Data excerpts
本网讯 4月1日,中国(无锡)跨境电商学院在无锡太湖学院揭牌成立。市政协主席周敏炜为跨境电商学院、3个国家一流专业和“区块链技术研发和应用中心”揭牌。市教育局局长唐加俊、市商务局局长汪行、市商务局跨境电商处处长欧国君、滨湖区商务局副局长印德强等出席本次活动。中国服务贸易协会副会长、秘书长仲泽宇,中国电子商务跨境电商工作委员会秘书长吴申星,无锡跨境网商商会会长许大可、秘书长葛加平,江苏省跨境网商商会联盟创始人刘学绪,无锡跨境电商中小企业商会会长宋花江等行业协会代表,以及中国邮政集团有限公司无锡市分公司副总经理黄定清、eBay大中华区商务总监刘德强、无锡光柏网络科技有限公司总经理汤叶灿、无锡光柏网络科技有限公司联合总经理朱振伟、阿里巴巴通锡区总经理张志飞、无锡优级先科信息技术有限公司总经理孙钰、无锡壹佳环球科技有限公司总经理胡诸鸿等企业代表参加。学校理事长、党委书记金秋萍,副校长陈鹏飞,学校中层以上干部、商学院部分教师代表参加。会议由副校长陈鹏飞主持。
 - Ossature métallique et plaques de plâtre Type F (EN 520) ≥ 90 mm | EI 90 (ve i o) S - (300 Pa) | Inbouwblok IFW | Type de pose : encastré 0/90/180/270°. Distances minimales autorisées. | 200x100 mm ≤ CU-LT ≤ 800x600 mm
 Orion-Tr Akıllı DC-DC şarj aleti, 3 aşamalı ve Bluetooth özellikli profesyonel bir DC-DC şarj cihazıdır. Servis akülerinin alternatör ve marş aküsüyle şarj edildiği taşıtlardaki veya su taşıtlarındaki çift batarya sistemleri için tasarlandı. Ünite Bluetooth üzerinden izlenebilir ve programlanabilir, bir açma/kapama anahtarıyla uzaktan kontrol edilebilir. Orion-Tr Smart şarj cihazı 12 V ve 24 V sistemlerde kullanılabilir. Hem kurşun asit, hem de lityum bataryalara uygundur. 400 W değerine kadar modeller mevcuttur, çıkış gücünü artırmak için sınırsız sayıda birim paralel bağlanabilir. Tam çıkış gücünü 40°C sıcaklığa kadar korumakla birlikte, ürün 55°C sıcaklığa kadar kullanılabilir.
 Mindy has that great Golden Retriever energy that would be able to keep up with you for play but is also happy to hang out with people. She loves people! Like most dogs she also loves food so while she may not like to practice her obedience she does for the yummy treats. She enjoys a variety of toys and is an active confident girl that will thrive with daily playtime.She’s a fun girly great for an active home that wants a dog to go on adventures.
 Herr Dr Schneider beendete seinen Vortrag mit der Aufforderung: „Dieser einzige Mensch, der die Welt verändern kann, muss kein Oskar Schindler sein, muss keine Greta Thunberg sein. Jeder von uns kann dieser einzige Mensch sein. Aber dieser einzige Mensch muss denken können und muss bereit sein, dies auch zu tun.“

...

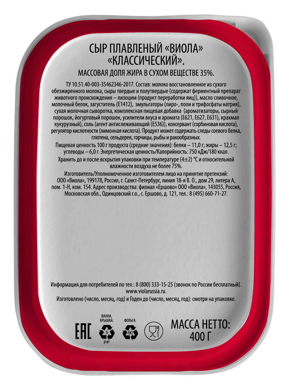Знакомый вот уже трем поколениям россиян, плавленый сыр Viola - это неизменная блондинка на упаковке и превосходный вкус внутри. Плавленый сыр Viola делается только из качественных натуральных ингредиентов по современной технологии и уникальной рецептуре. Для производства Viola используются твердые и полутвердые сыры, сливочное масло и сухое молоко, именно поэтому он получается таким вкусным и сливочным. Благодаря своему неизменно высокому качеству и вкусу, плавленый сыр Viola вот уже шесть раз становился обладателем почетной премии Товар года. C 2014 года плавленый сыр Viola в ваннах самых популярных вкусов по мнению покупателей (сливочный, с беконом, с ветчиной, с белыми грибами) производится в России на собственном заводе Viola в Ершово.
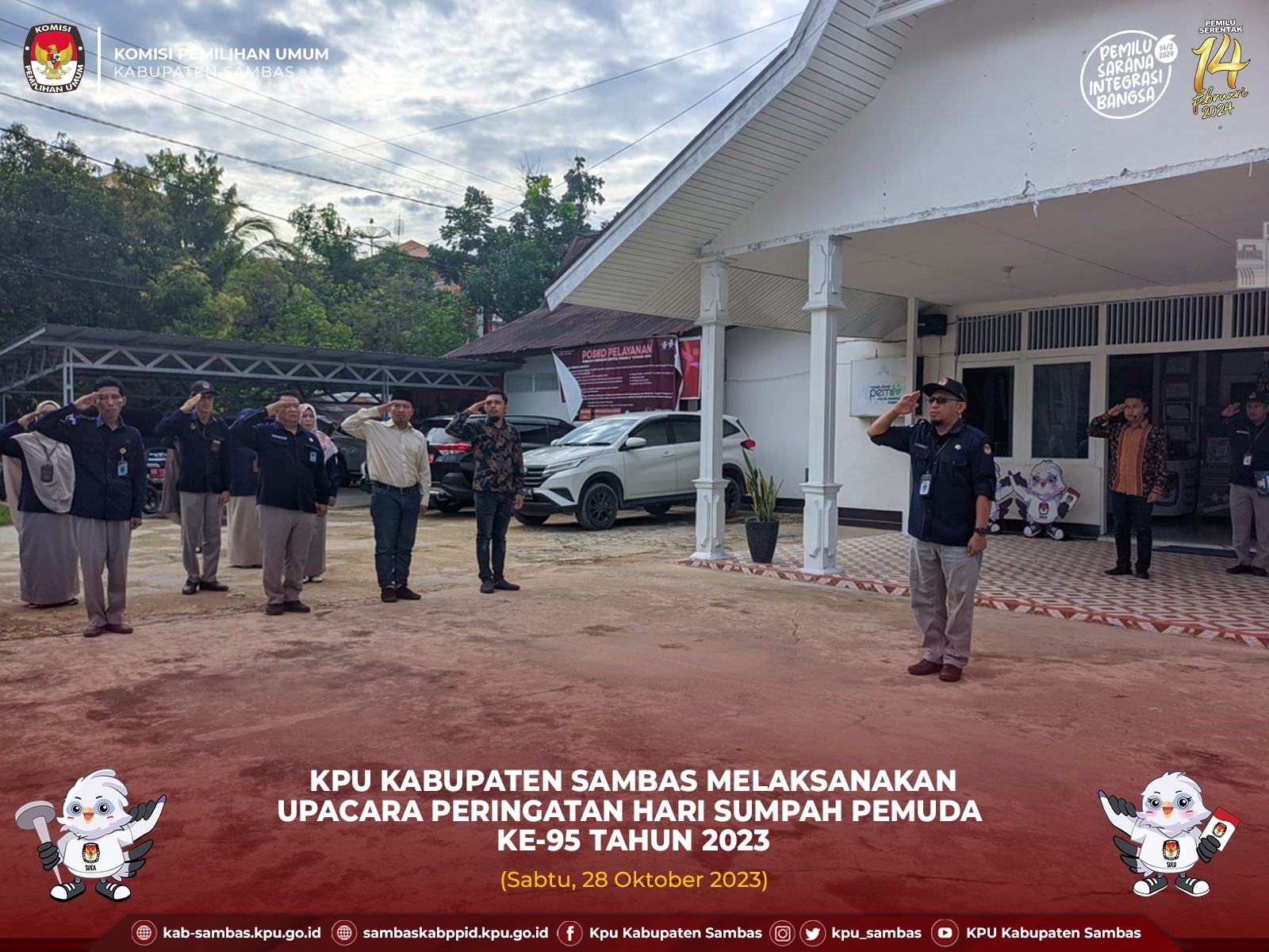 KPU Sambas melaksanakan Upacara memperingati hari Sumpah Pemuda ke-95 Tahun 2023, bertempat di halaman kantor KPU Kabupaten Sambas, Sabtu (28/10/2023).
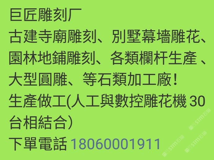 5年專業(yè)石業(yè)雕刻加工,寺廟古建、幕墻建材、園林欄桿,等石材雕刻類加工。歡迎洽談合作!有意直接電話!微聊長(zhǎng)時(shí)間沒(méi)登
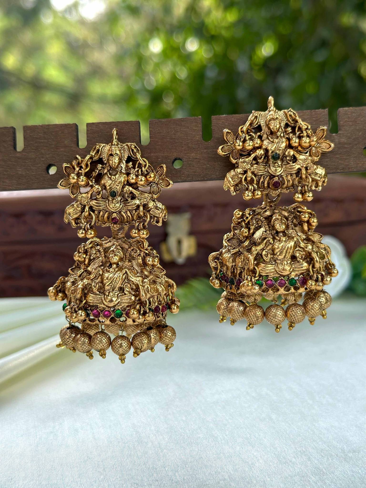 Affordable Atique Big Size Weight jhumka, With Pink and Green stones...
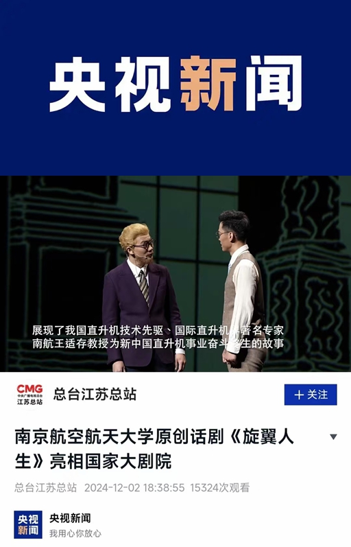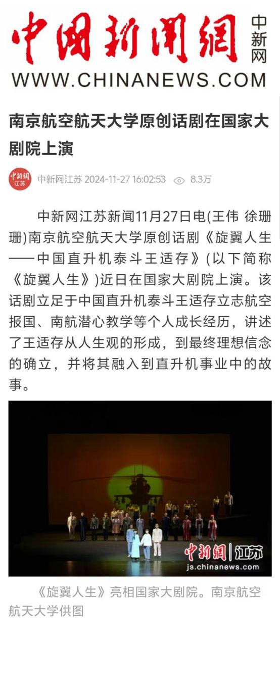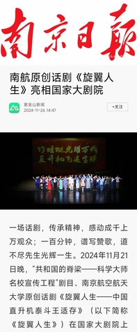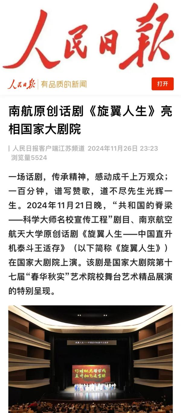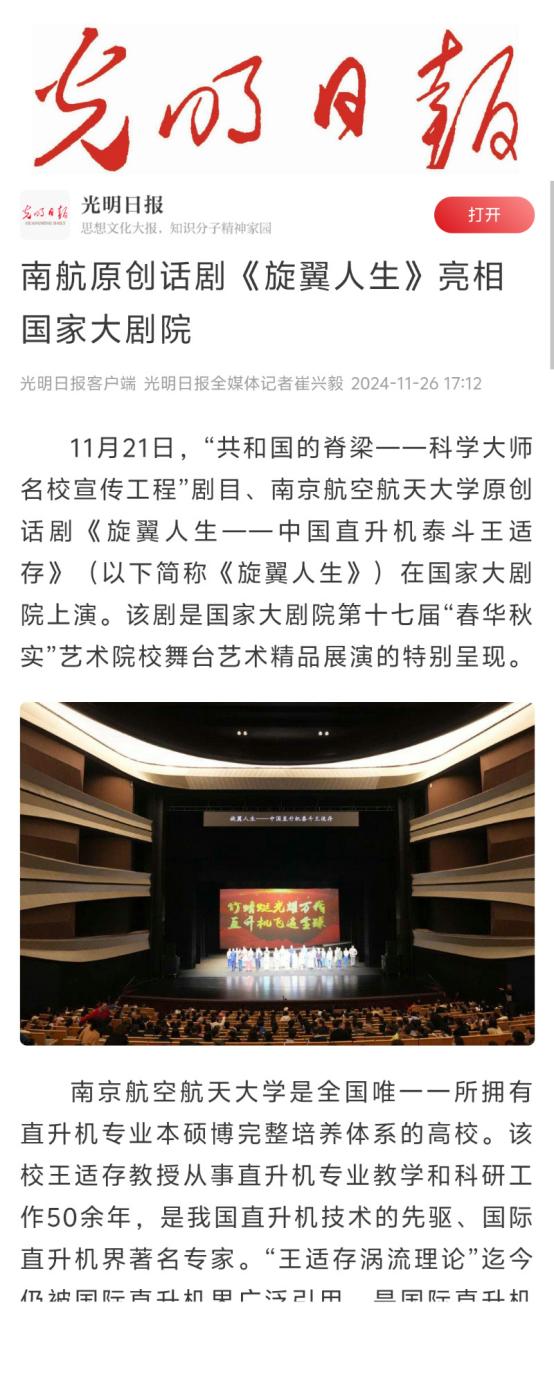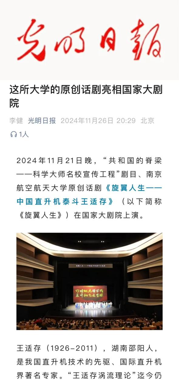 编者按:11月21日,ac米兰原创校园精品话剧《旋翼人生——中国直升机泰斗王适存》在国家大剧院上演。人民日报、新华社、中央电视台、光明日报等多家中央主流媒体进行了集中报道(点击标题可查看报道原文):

» **DESCRIPTION OF THE TASK**
All lines above starting at the one with "Affordable Atique Big" and ending at the one with "编者按:11月21日,ac米", inclusive, are to be printed again exactly, with the pictures left out.

» **RESPONSE**
 Affordable Atique Big Size Weight jhumka, With Pink and Green stones...
 编者按:11月21日,ac米兰原创校园精品话剧《旋翼人生——中国直升机泰斗王适存》在国家大剧院上演。人民日报、新华社、中央电视台、光明日报等多家中央主流媒体进行了集中报道(点击标题可查看报道原文):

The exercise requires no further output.